Carnival Films, which produces the Emmy-award winning Downton Abbey, will develop the as-yet untitled series. “Carnival has been talking to Magnum about this project for quite a long time,” Magnum’s Executive Director David Kogan says. “We get approached on a regular basis by people who want to do films, drama, historical documentaries, or fly-on-the-wall documentaries. When I came in as Executive Director and with my background in television [as global managing director of Reuters Television], I was very interested in [Carnival's idea].”

Earlier this year, Kogan negotiated a proposal that “was fair to all parties,” before presenting it to the photo agency’s members at the annual general meeting in July. “Our photographers and the estates of our four founders [Robert Capa, Henri Cartier-Bresson, George Rodger and David ‘Chim’ Seymour] were very happy to work with Carnival because it has a very good reputation,” Kogan tells TIME.

From left to right: David 'Chim' Seymour, Werner Bischof (in the background) and Robert Capa (pointing his finger) in Magnum Photos' Paris office in 1947. Magnum Collection / Magnum Photos

The drama series, which won’t air until 2017, will follow the founders’ early days at the helm of the Paris-based agency. “Courageous, passionate, idealistic, inquisitive, these men set out to capture the world that survived [World War II],” says Carnival Films in a press release. “With cameras in hand and private lives often in turmoil, Magnum’s photographers sacrificed everything to capture history through the lens.”

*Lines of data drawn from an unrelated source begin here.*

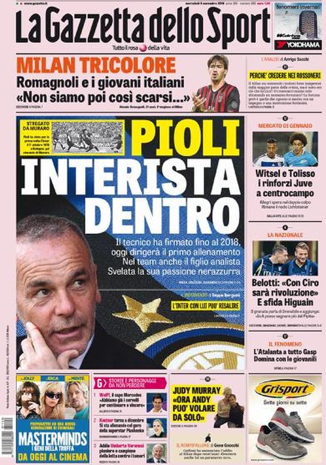 Queste le prime pagine dei quotidiani sportivi italiani: Gazzetta dello Sport, Corriere dello Sport e Tuttosport (SCORRI IN ALTO LE PRIME PAGINE)
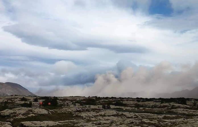 Á Facebooksíðu Þjóðgarðsins á Þingvöllum eru birtar myndir af vatninu þar sem jarðvegurinn á botni vatnsins bókstaflega fýkur burt í snarpri norðanáttinni eftir viðvarandi þurrkatíð svo af verður mikið sjónarspil.
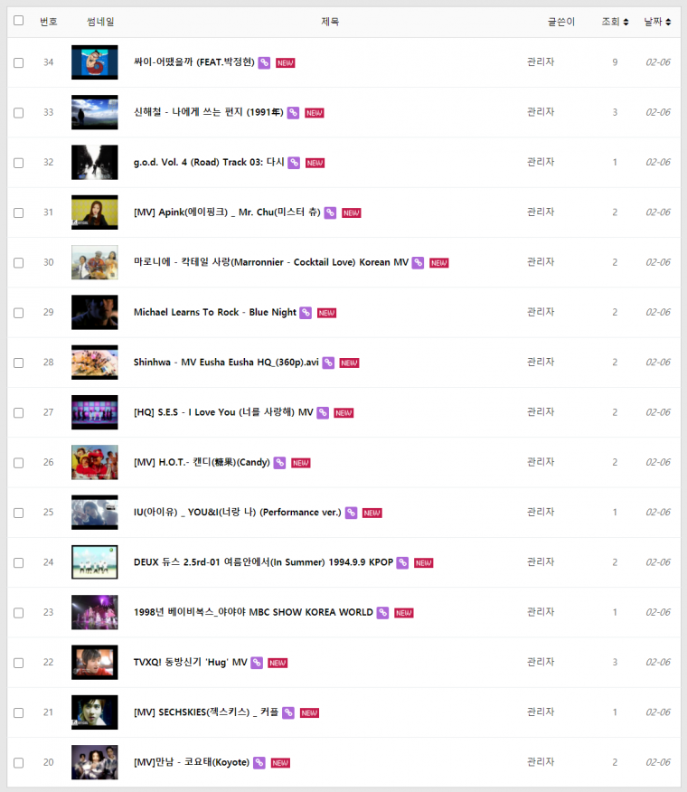 게시판 링크1에 유튜브공유주소를 입력하여, 유튜브영상 등을 출력하는 게시판 스킨입니다.

Magnum’s staff will help the producers remain faithful to the events that shaped the lives of some of the world’s greatest photographers. But, adds Kogan, “this is a television drama series,” and viewers should expect changes in how these events will be depicted on screen. “[Still], we are confident that it will be handled in a way that is respectful and that it will reflect our values and our stories.”

The series comes as Magnum has been working to enhance its profile and reassert its relevance at a time when billion of digital pictures are made around the world by amateurs and professionals, alike. “We hope it will remind people of what Magnum stands for,” says Kogan. “Anybody who works in the news business knows that Magnum has this great news history. Magnum is still very active today and it’s still doing good work, so in this digital age people should be reminded that Magnum stands for something important.”